If we look at markets from the point of the inauguration of a very (in narrative) pro-business administration8, we see the signs of meaningful shift in market behavior, with narrative-oriented non-profitable, theoretical high-growth stocks outperforming the Nasdaq and Mag7 by 5x+, suggesting capital sprinting out on the risk curve very willing to allocate to speculative stocks across a breadth of sectors (eVTOL, Lidar, Space, Defense, Crypto, Software, etc.).
This could signal an open IPO window, which again, a small set of companies timed well across themes, including Rubrik (data security with strong revenue scale but poor profitability, filed ahead of this in April 2024), Circle (thematic crypto company arguably poor fundamentals, filed April 2025), and Figma (software with loose AI narrative and strong revenue scale, filed April 2025).9
We saw a similar pattern before in 2020-202110 in the COVID to post-vax market where IPOs again spiked as speculative indices peaked in their performance above the Nasdaq, S&P, and Mag7.
The question on a go forward basis is whether we already saw the crescendo of this moment with the Opendoor 100% intra-day move on a short squeeze, signaling an “end times for max speculation” top, or whether that was the market begging for new, quality companies with potential for high-growth to invest in.
A subject for another day.
Why Liquidity Matters aka What’s The Point
In 2021 and 2022 I loudly made the argument that the mechanism of SPACs were interesting but were naturally abused by people shoving companies into public markets that were at best unprepared and at worst total frauds. Some of these companies used the resulting cash pile to survive and have come back, while others rightfully have passed away.11
I am once again making the argument that these moments in time, while feeling increasingly common are still rare and can be used as offensive weapons for companies (ideally fundamentally and/or narratively strong) in a tech industry in which:
The barriers to competition are falling
Consistent liquidity is as important as ever to hire and retain top talent
There are massive potential company enabling and destroying technological inflection points lurking in the future.

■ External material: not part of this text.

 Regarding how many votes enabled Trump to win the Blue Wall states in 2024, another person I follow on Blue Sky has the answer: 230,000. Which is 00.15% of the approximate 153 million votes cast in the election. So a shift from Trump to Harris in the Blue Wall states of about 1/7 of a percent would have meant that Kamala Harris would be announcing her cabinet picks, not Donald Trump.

Private markets are increasingly searching for a small number of specific assets at growth stages (AI labs, AI hypergrowth companies, Defense/Reindustrialization companies) while public markets are showing a large willingness to bid across the spectrum.12
A huge number of valuable companies have been private for way too long.
As I said, this is likely a post that will mark some sort of top, but with each passing day I can’t help but wonder if many in the tech industry are making the exact mistake they swore they wouldn’t make again.

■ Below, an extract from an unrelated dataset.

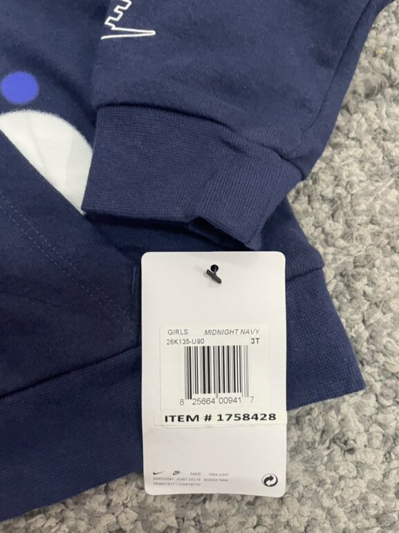 Sudadera de la marca Nike, original, color azul, disponible en talla 2 y 3 años

The IPO window has been open for almost two years now. My hope is that many will use public markets the same way they use private markets; to effectively raise capital from optimistic believers in an effort to grow into their future valuation and build the future they believe in.
But shout out to all the VCs who infinite-dumped almost-dead companies as SPACs on retail, we know who you are
CEOs → VCs → LPs all take hits in different ways financially and social capital wise
Especially with 6 month investor lock ups
This is the part where CEOs, Bankers, and more yell at me telling me I am naive about how hard it is to go public
And to be fair, Figma of all companies is the one who really should understand the value of timing markets and liquidity. Happy for them.

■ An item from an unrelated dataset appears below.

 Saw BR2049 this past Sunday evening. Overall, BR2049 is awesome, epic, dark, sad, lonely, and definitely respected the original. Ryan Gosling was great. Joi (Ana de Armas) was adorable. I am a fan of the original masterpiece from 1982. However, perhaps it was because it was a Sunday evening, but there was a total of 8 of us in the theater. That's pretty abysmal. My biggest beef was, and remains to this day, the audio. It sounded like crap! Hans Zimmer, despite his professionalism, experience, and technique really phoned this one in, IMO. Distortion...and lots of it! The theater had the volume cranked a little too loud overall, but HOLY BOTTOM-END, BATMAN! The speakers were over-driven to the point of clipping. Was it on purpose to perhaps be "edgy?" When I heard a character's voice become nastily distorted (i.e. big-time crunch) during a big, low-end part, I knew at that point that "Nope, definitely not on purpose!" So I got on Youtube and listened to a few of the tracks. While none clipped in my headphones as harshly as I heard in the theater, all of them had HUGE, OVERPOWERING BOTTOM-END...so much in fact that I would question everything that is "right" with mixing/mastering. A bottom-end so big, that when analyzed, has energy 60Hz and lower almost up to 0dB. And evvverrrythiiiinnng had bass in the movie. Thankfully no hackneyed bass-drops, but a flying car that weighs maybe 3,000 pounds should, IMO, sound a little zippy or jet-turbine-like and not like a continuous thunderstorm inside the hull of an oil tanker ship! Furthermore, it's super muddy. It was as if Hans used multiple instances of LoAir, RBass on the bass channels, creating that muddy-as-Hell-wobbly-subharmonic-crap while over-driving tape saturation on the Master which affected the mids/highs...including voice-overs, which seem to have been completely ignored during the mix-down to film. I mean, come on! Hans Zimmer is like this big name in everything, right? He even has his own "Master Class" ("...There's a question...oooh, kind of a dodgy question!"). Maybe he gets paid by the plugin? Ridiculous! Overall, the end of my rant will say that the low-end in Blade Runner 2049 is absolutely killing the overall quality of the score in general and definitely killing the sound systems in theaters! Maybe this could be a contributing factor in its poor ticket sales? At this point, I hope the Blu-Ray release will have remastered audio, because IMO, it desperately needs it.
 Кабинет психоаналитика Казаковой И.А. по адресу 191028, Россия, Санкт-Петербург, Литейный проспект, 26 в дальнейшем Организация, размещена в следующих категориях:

ARKK is a bit odd vs. Mag7 as both include TSLA
MSFT as a proxy for OAI
Who repeatedly screams at the Fed chair to cut rates
I am intentionally leaving out Coreweave due to it falling under the very legible AI narrative bucket
You know, that time everyone wishes they had taken their companies public.
And tbh, it’s not clear if you’re some flailing AI lab you also shouldn’t try to go public, as Finn mentioned here, and I believe some may try to do in the latest of innings of the bubble. I do not endorse this but markets will market.